Al Jean said that the financial costs of cutting Jackson out of the show completely are worth it given the severity of the allegations brought against him.

"I lose a little bit of money financially, it’s not something that’s great personally to lose one of the most successful things I ever did, but I totally think it’s the right move," said Jean. "I don’t believe in going through and making judgments on every guest star and saying 'this one was bad, that one was bad,' but the episode itself has a false purpose, and that’s what I object to about it now."

 

When The Daily Beast asked about Michael Jackson's role in penning the song, "Happy Birthday Lisa," Al Jean did not elaborate further, noting that the episode viewed from the perspective of the documentary feels strange.

"I’d really not talk about it anymore because I don’t want to belabor it," he said. "It’s from the heart, on our part, and I think Jim [Brooks] put it really well. It’s not for any other reason that for what I just said, where if you watch the documentary and then you watch that episode, something’s amiss."

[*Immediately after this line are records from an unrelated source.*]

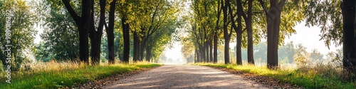 © MaxStock, Naklejka premium Scenic tree line road in autumn sunlight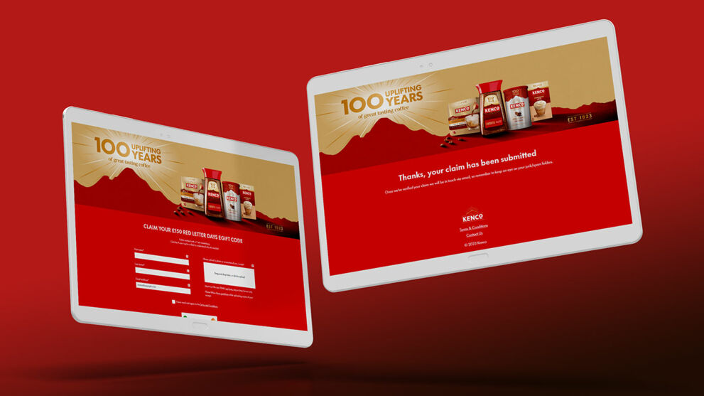 Kenco wanted to celebrate its 100th birthday and create brand excitement by giving some lucky consumers a chance to win either £100, £150, or £250 e-gift cards for Red Letter Days experiences.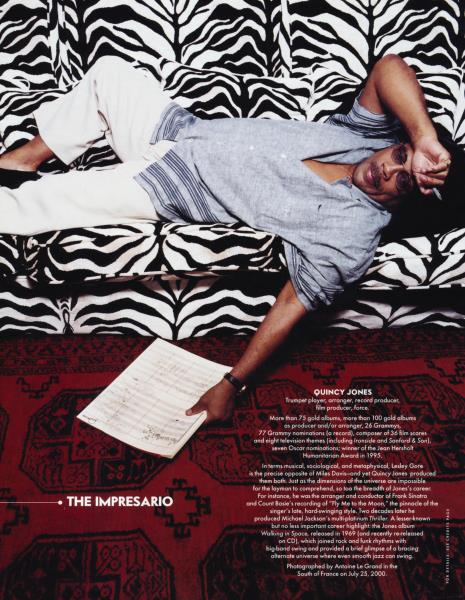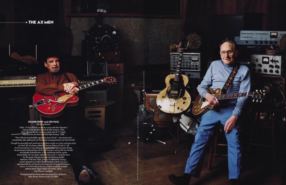 November 2000Combine Woodstocks One, Two, and Three with a night at the Metropolitan Opera, another night at the Village Vanguard, showtime at the Apollo, and a side trip to Nashville. Toss in a visit to Total Request Live. Now you’re getting close. The triple-platinum lineup on the next 59 pages is an ultimate Who’s Who of hit-makers and chart breakers, rock legends and folk heroes, rappers and divas, photographed by Annie Leibovitz, David Bailey, Julian Broad, William Claxton, Michel Comte, Todd Eberle, Timothy Greenfield-Sanders, Sam Jones, David LaChapelle, Mary Ellen Mark, Michael O'Neill, Herb Ritts, Bruce Weber, and more. With captions by Aliyah Baruchin, Bruce Handy, Michael Hogan, David Kamp, and Jim Windolf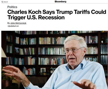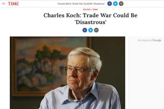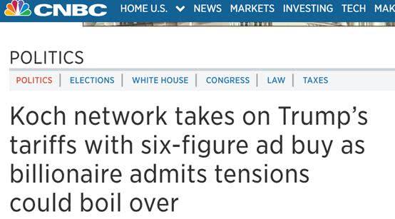 可隨著之后特朗普對(duì)中國(guó)等國(guó)發(fā)動(dòng)貿(mào)易戰(zhàn)的行為,以及相關(guān)惡果的逐漸顯現(xiàn),科赫家族的最新表態(tài)也與今年1月的言論形成了鮮明的對(duì)比。
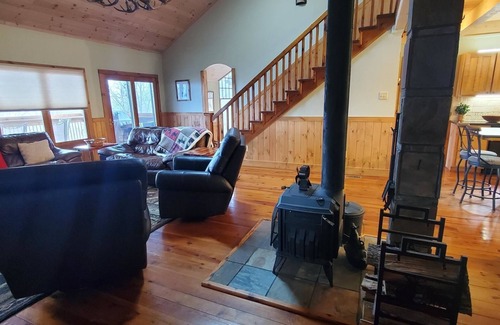 This private mountain getaway features vaulted ceilings and open concept main area including living room with HDTV, authentic wood stove, and comfy leather seating. The well-equipped kitchen features granite countertops and a bar with seating for two. The dining room offers seating for eight, a second wet bar with seating for four and a wine cooler. Step outside the main living area to a large, covered deck with a cozy porch swing, outdoor dining, gas grill, outdoor shades and fan to ensure your enjoyment of this space in comfort.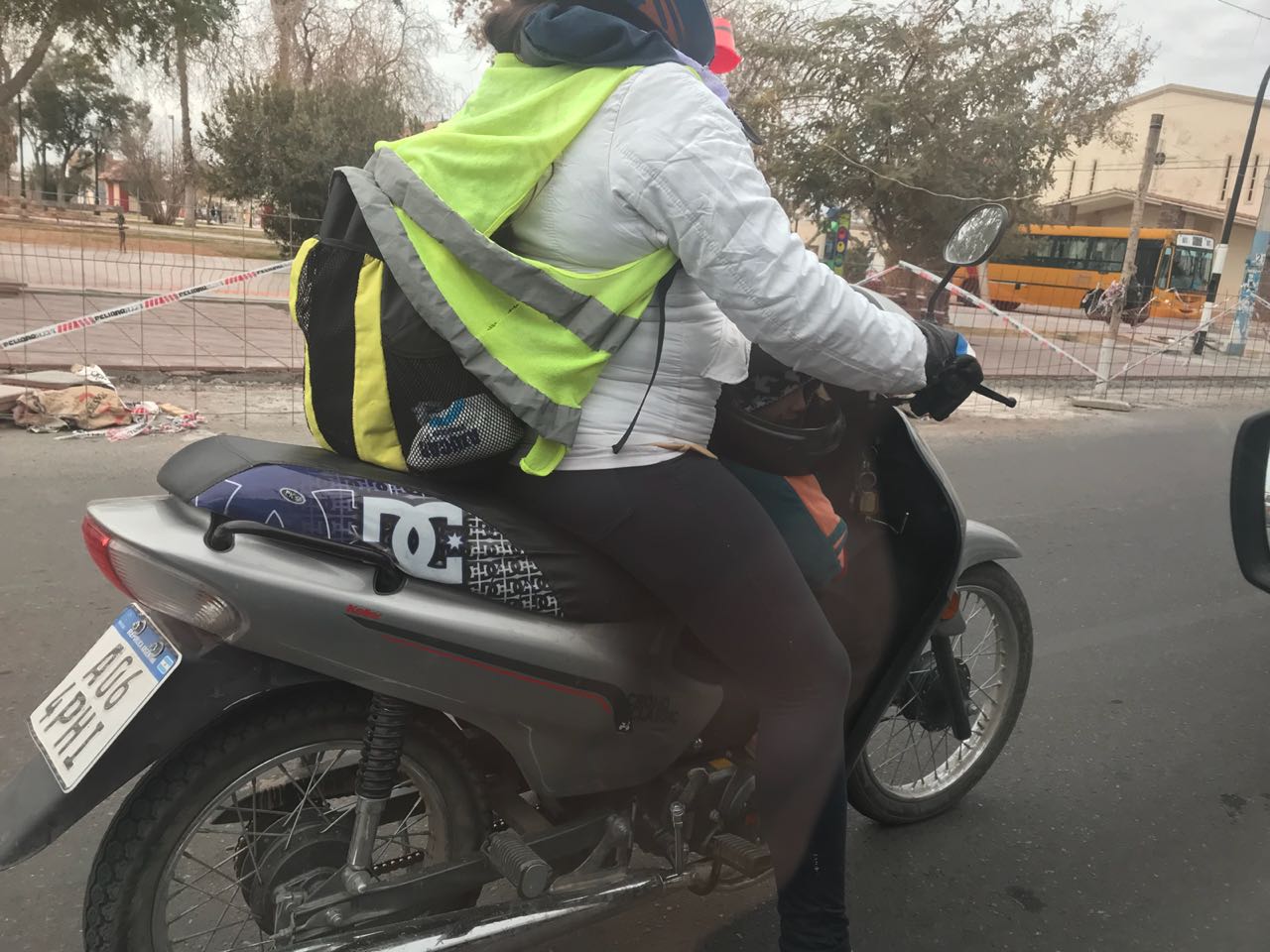 "Esto fue el lunes a las 15, en Boulevard Sarmiento y calle España, en Rawson. Un peligro que el niño esté en ese lugar de la moto".
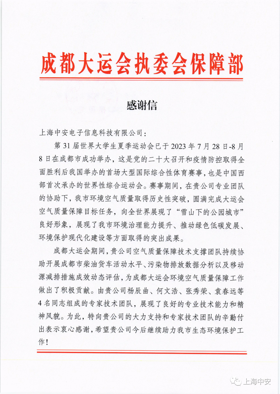 中安科技圓滿完成第31屆世界大學生夏季運動會空氣質(zhì)量保障任務?。?023-10-9)

Al Jean said that an episode featuring the character Dr. Hibbert, a satire on Bill Cosby, will not be removed because Cosby did not voice the character, adding that not every guest star throughout the show's three-decade run lived a perfect life:

 

He was never voiced by Cosby. He wasn’t entirely a Cosby parody either, which is why I don’t think anybody looks at the character now and says “Oh, that’s Bill Cosby.” It’s a different thing. Nobody’s perfect, and other guest stars have been far from perfect, but this is the only episode where there was a point to the episode that was other than just having the guest star do a comic performance on the guest star’s part, which I didn’t realize at the time.

James L. Brooks told The Wall Street Journal last week that "Stark Raving Dad" was a "treasured episode" that was difficult to dismiss.

"This was a treasured episode. There are a lot of great memories we have wrapped up in that one, and this certainly doesn’t allow them to remain," Brooks said. "I’m against book burning of any kind. But this is our book, and we’re allowed to take out a chapter."

Mashable reports that purging Jackson from the legacy of "The Simpsons" will take some time — for example, there are DVDs and streaming services — and will not happen immediately, though the process has begun.